__GOAL OF THE EXERCISE__:
Return the lines below exactly, please, from the one containing "Auriculares cSilensys E7" through the last one, both included, and leave out any pictures.

__MATERIAL FOR THIS TASK__:

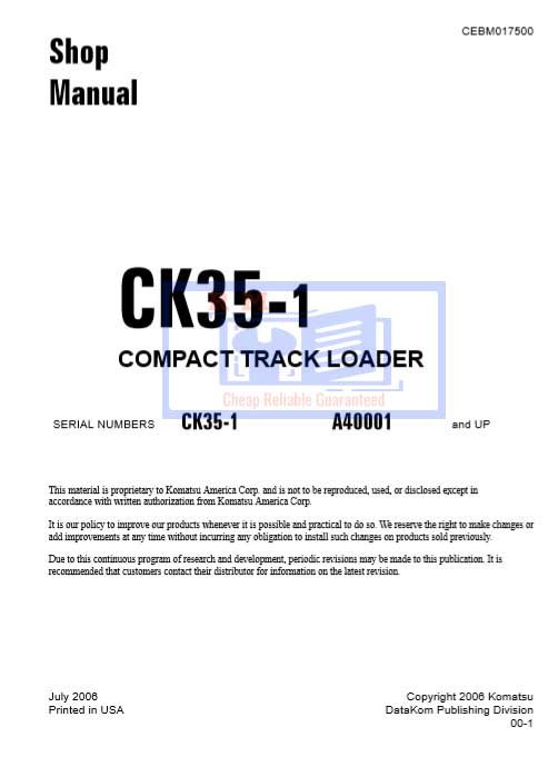 The Komatsu CK35-1 Compact Track Loader Workshop Manual is an essential resource for maintaining and repairing your equipment with precision. This comprehensive guide provides detailed instructions, diagrams, and specifications, ensuring that you can troubleshoot and resolve issues efficiently. With its user-friendly layout, this manual empowers operators and technicians alike to enhance the performance and longevity of the CK35-1, making it a valuable addition to your maintenance toolkit. Invest in this workshop manual to ensure your machinery operates at its best, minimizing downtime and maximizing productivity
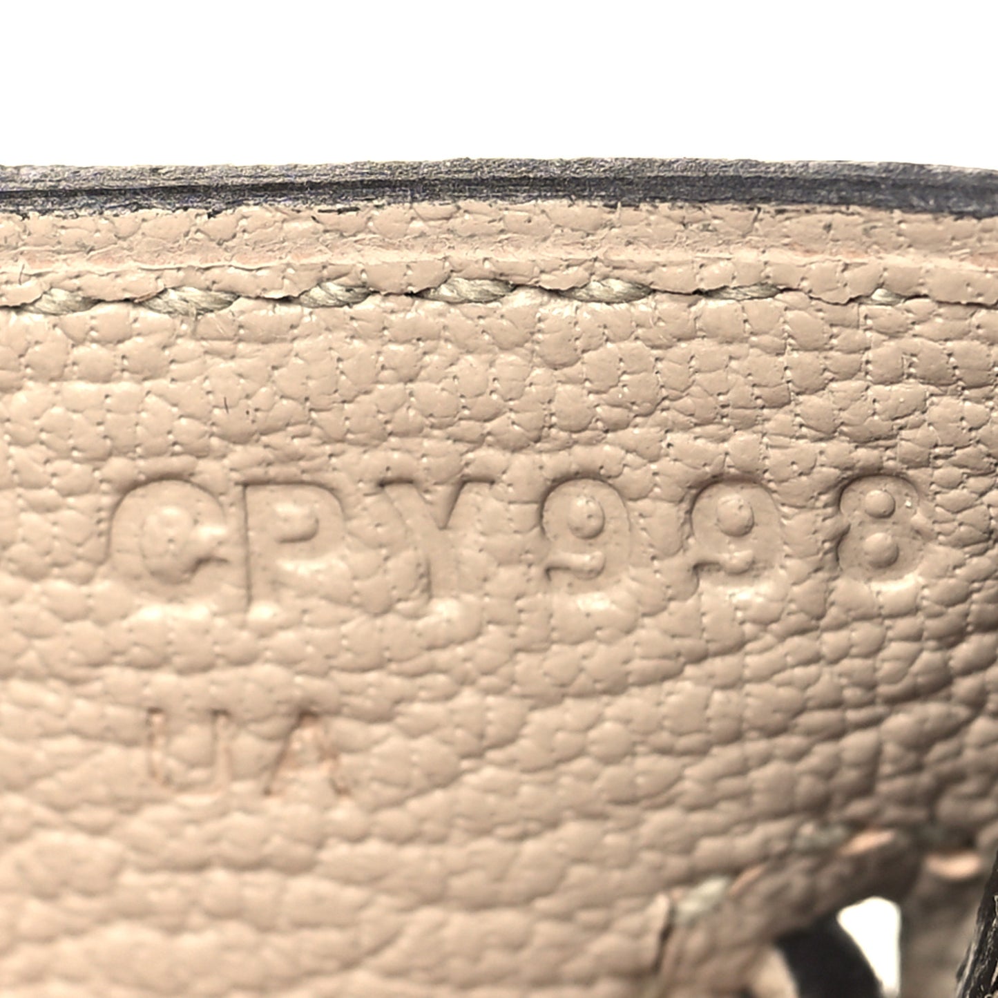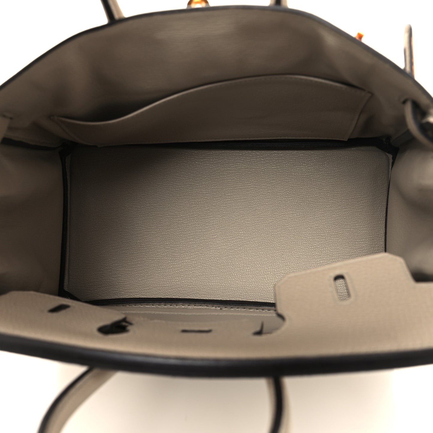 This is an authentic HERMES Togo Birkin 25 in Gris Tourterelle. This iconic handbag is finely handcrafted of Togo leather in taupe grey. The bag features rolled leather top handles, a short flap and a cinch-style strap closure with polished rose gold plated links, secured by a signature turn-lock. The flap opens to a matching matte chevre goatskin leather interior with zipper and patch pockets.Follow this item for alerts. Hermes is a registered trademark of Hermes. FASHIONPHILE is not affiliated with Hermes.
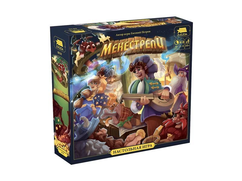 «Менестрели» – семейная игра для 1-4 участников. Помимо базовых правил, игра предлагает попробовать свои силы в режиме «Квесты» и «Герои». Завоевать сердца публики можно и в одиночку, используя правила «Соло-режима».
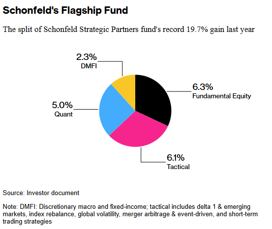 Mesmo assim, no auge da crise, precisaram seguir um caminho diferente. Afastaram traders com desempenho fraco, e a exposição da Schonfeld a operações equity long-short como proporção do negócio total diminuiu.
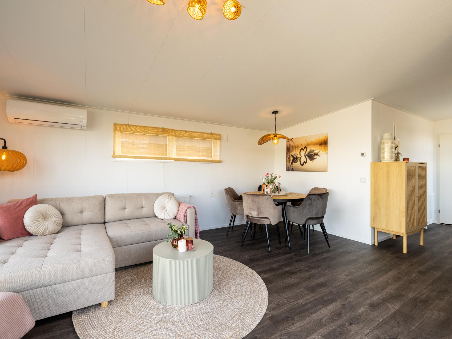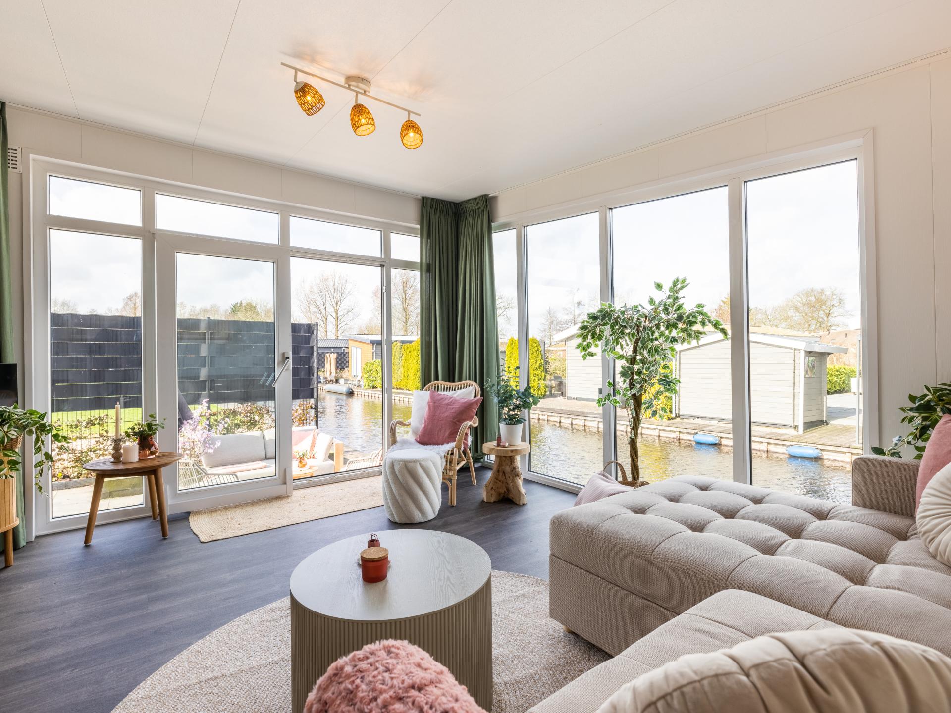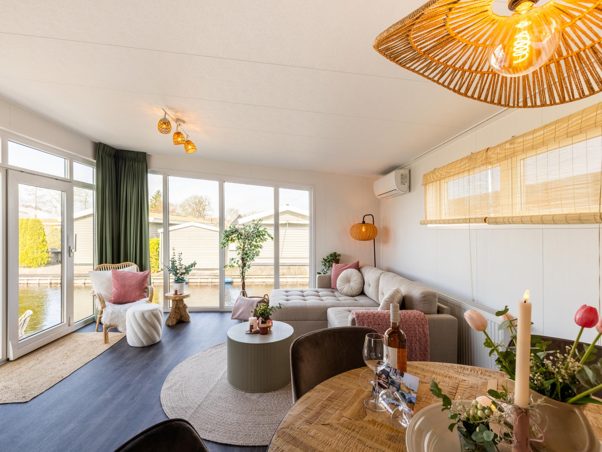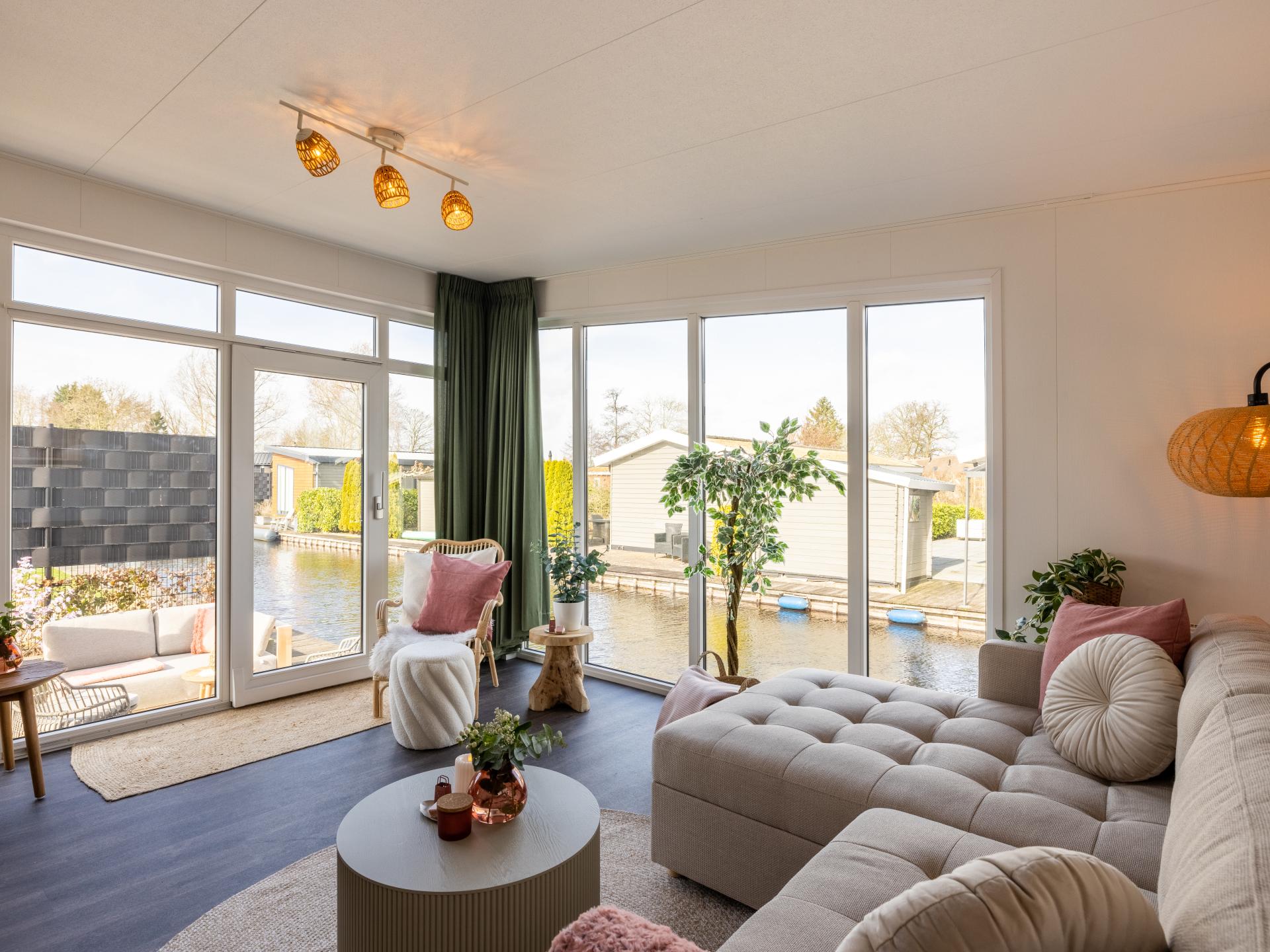 Lodge joliment aménagée au bord de l'eau avec une belle terrasse ensoleillée et une vue magnifique. Convient pour 6 personnes, avec 2 chambres et un canapé-lit dans le salon. La cuisine ouverte est entièrement équipée et la salle de bains moderne dispose d'une douche à l'italienne. Grâce aux grandes fenêtres, vous profitez de beaucoup de lumière. Un endroit confortable et complet pour se détendre et se ressourcer pleinement..
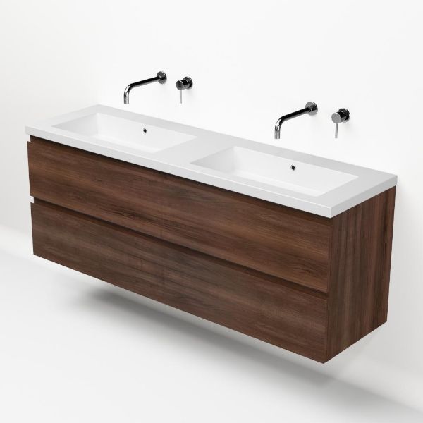 Greeploos badkamermeubel in de kleur walnoot is 160 cm breed. De wastafel is vervaardig in quartz en heeft de kleur wit mat quartz. Dit badkamermeubel met deze wastafel is leverbaar tussen de 60 cm t/m 200 cm
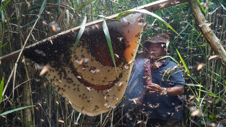 Tuy nhiên, trải nghiệm được mong chờ nhất vẫn là tận mắt chứng kiến quy trình lấy mật ong rừng. Theo quan niệm của nhiều du khách, chuyến đi đến Cà Mau sẽ chưa trọn vẹn nếu thiếu đi khoảnh khắc được nếm thử vị ngọt lịm của bắp mật vừa mới hạ xuống từ cành tràm.
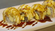 Extreme close-up of appetizing sushi roll with avocado and vegetable filling and wrapped with sliced raw white fish and drizzling with sweet soy sauce on a white serving plate on dining table at Izakaya restaurant.
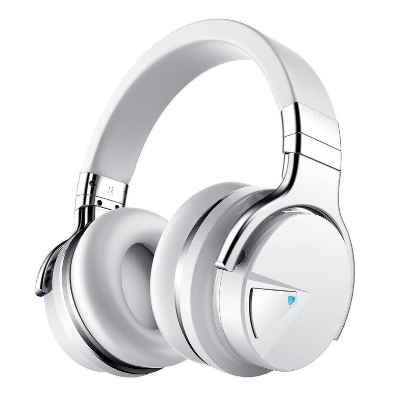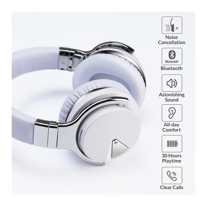 Auriculares cSilensys E7 on cancelación activa, micrófono de graves profundos, color blanco
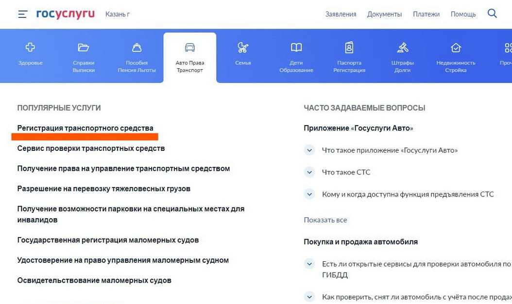 - Далее нас интересует раздел «Авто, права, транспорт» – и «Регистрация транспортного средства»:
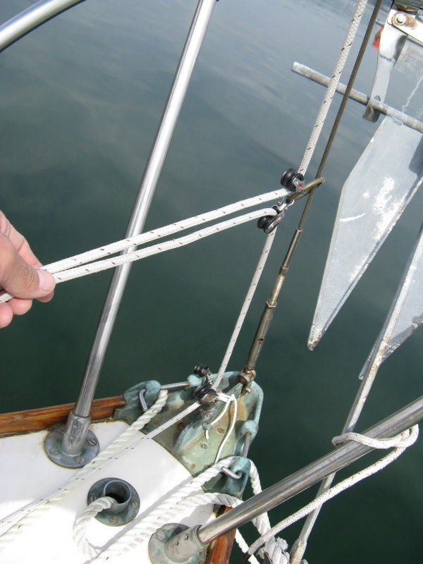 Gerr Downhaul: Halyard, downhaul and shackle on forestay
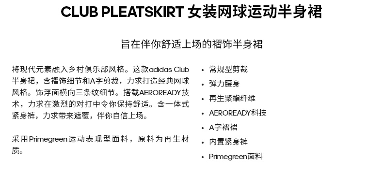 Adidas阿迪达斯2021新款女子网球百褶短裙(内置底裤)

__RESPONSE BELOW__:
 Auriculares cSilensys E7 on cancelación activa, micrófono de graves profundos, color blanco
 - Далее нас интересует раздел «Авто, права, транспорт» – и «Регистрация транспортного средства»:
 Gerr Downhaul: Halyard, downhaul and shackle on forestay
 Adidas阿迪达斯2021新款女子网球百褶短裙(内置底裤)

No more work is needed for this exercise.